By T.J. McNAMARA
Art offers a huge spectrum of sensations from the academic to the innocent and exhibitions this week exemplify wavelengths across the whole range from ultraviolet academic to infrared innocent.
The academic show is where it should be, at the university's Gus Fisher Gallery in 74 Shortland St, until August 30. It is called Paula Modersohn-Becker and the Worpswede Artists: Prints and Drawings.
Worpswede, a village in north Germany near Bremen, was a famous artists' colony and included a landscape artist, Otto Modersohn. In 1901 he married another young artist, Paula Becker, who was immensely gifted.
At first it seemed exactly like the situation where a gifted woman artist subordinates her work to the dominant male in her life.
But Paula Modersohn-Becker was made of sterner stuff. She absorbed all that the Worpswede artists - talented but artistically and socially conservative - could give her and frequently went to Paris.
There her work, influenced by van Gogh, Gauguin and Cezanne, rapidly evolved. She simplified her shapes and made strong monumental forms, trying to convey not just appearances but the inner spirit of her subjects which were frequently women, children and self-portraits.
For a short time her output was inspired and prodigious but she sold only five paintings and returned to Worpswede where in 1907 she gave birth to a daughter and died shortly after. She has a special place in the development of modern art.
Sadly, the show at the Gus Fisher does not include any of her 700 paintings but it does have a mass of material about the milieu of Worpswede. It is a show for students of art history.
What emerges from it are the remarkable skills, particularly in printmaking, of Fritz Mackensen, Fritz Overbeck, Heinrich Vogeler and Hans am Ende who, with Otto Modersohn, made up the group who worked there.
There are beautiful evocations of the dark, flat, cold north German landscape and some delightful illustrations of fairy tales. What is abundantly evident in the drawings by Paula Modersohn-Becker is that she was the only radical, the only one of them with a special vision.
Her bold, clear reductions of form to line make their work look almost fussy by comparison and she offers special insights. Her drawings of nude women have a truth that drawings by men seldom attain. Her excellent prints also show a strong sense of form as well as a sympathy for poor people.
The men would have been astonished that with all their technical skill and contemporary reputation they have become no more than footnotes to her fame.
If you want to jump from the past to the present, Milford Galleries (26 Kitchener St) is offering the work of three young New Zealand artists until July 21.
Grant Whibley is showing three of his huge birds, just a head with a shape like a hill, a beak and a couple of glittering eyes but each one conveying a remarkable sense of character. They are surreal, at once strange and a bit dangerous. The portrait that uses the hooked beak of the huia is particularly strong.
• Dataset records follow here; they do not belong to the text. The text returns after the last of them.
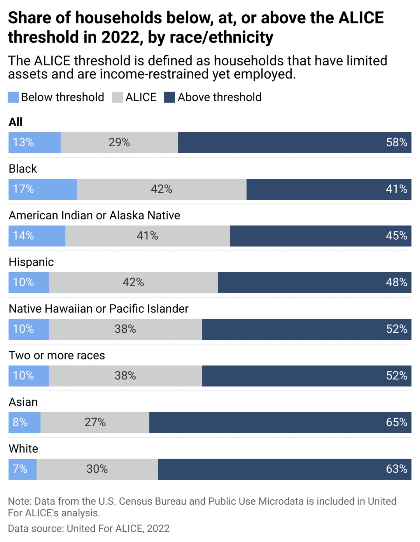 Census Bureau data shows that ALICE thresholds vary by location, with housing and child care costs pushing more families into financial precarity. However, about 29% of U.S. households fall under the ALICE description. Without savings or assets to fall back on, these households remain at high risk for long-term economic hardship.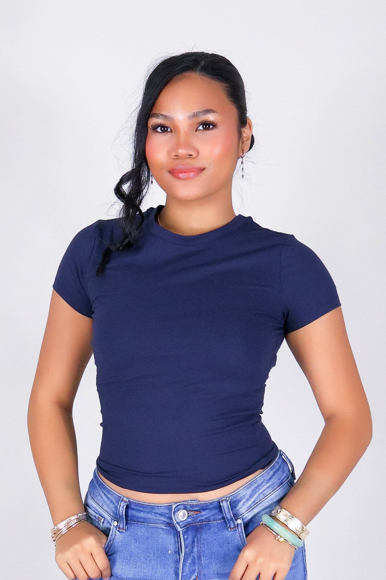 CLEAN CUT TEE is available in color NAVY and in size SMALL, MED, LARGE.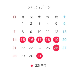 確実に出勤不可避は赤印です🔴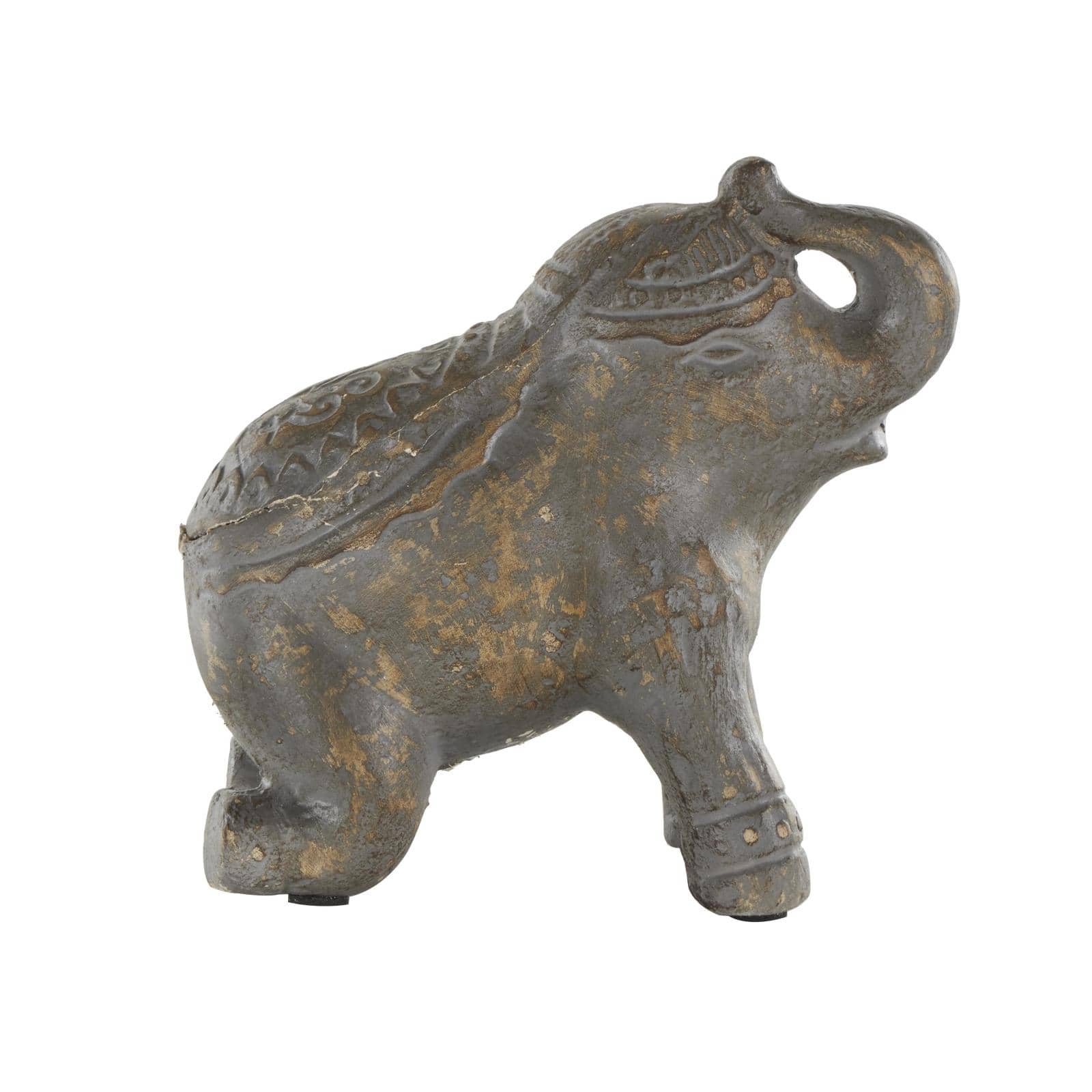 10.5" Dark Gray & Brown Handmade Distressed Paper Mache Elephant Sculpture

These paintings sit better in the frame than his previous work though more attention is needed to the way the eyes catch the light.
From Canterbury comes Simon Edwards with 10 small studies of the moods of the sky with titles like Southerly Change and Low Cloud.
They are delicately painted although cautiously coloured. Damien Kurth's glasses and a bowl on a white field have yet to evolve the intensity that would lift them beyond exercises in paint.
If you prefer sculpture, there is an exhibition of three-dimensional work by Lyonel Grant at the John Leech Gallery (Khartoum Place) until July 26. The show is distinguished by one powerful work carved from stone, Kotiate IV.
This is a Maori figure with the traditional three fingers and simplified head. It is rhythmic, solid and strong and given extra energy by being poised on a narrow base.
The exhibition also has a long series of striking drawings in ink on paper, each showing half a face. The faces are all highly stylised but there are fascinating differences in personality despite the distortion. It is enlightening to see how the manipulation of a few features can effect changes in character while remaining statuesque. The exhibition includes some pieces in cast glass which are appealingly ornamental.
It is quite a jump from there to the Whitespace Gallery in Morgan St in Newmarket where a naive, innocent manner is applied to making little narrative paintings.
These story-tellings are by Andy Leleisi'uao and illustrate a fable in which aliens descend on Samoa and play lively games with the inhabitants. The works reveal a good sense of colour and a lively fancy. They are funny in every sense of the word. Until July 18.